After looking over the physical aspects, it was time to delve into the intellectual features. As mentioned above, this edition of The Adventures of Huckleberry Finn was published in New York in 1942. The editor of this edition was Bernard DeVoto who – after a little bit of ‘googling’ – I discovered was the executor of the Twain Literary Estate. As most people know, the novel revolves around the lives of Tom Sawyer, Huck Finn, the Widow Douglas, Miz Watson, and Jim in Mississippi around 1835-1845 and is the sequel to The Adventures of Tom Sawyer. The book here at UC is copy 924 of 1500, which is detailed on the colophon, along with the signature of the illustrator, Benton.

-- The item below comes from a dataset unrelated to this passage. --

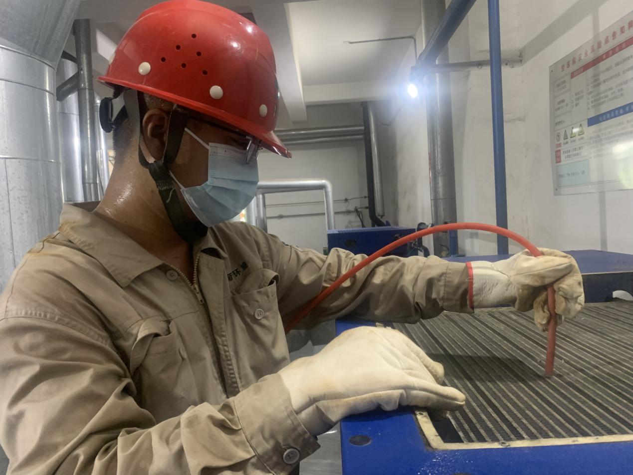 电气热控主管杨传宝处理空压机散热器清灰工作

Huckleberry Finn replicates Twain’s mastery of colloquial speech and mirrors the writing of Tom Sawyer. At the time of the first edition’s publication in 1884-85, Twain knew his book would reach a diverse audience but intended its true meaning to be understood by an older audience who would appreciate the themes and the humor. Since its initial publication, the book has been widely enjoyed by a vast range of people but continually receives a spotlight since it is so often on the list of banned books for the use of a racial slur, and in its earliest days, for its “common” use of language. Published three years before end of World War II, this Limited Editions Club edition was meant for a market targeted to the people who could afford a spcial book for their personal libraries. Considering the circumstances of the war and Nazi Germany’s racism, Twain’s novel being republished in this era might have served as a reminder to Americans that racism occurred in the United States decades prior to the 1940s and still existed at that point in time.
The last thing we were asked to do was to assess the value of the book in one sentence. How does one assess such a classic novel in one sentence? I wasn’t entirely sure myself until I found a copy of the book being sold now and realized how much it was worth. To me, it seems that the value of the book is primarily monetary since there were so few copies produced and as a collectible, they included the illustrator’s signature. But in conjunction with other editions of Adventures of Huckleberry Finn held by the Archives & Rare Books Library, including the first edition, this volume’s importance lies as well in documenting American printing history and the reading heritage of Twain’s work.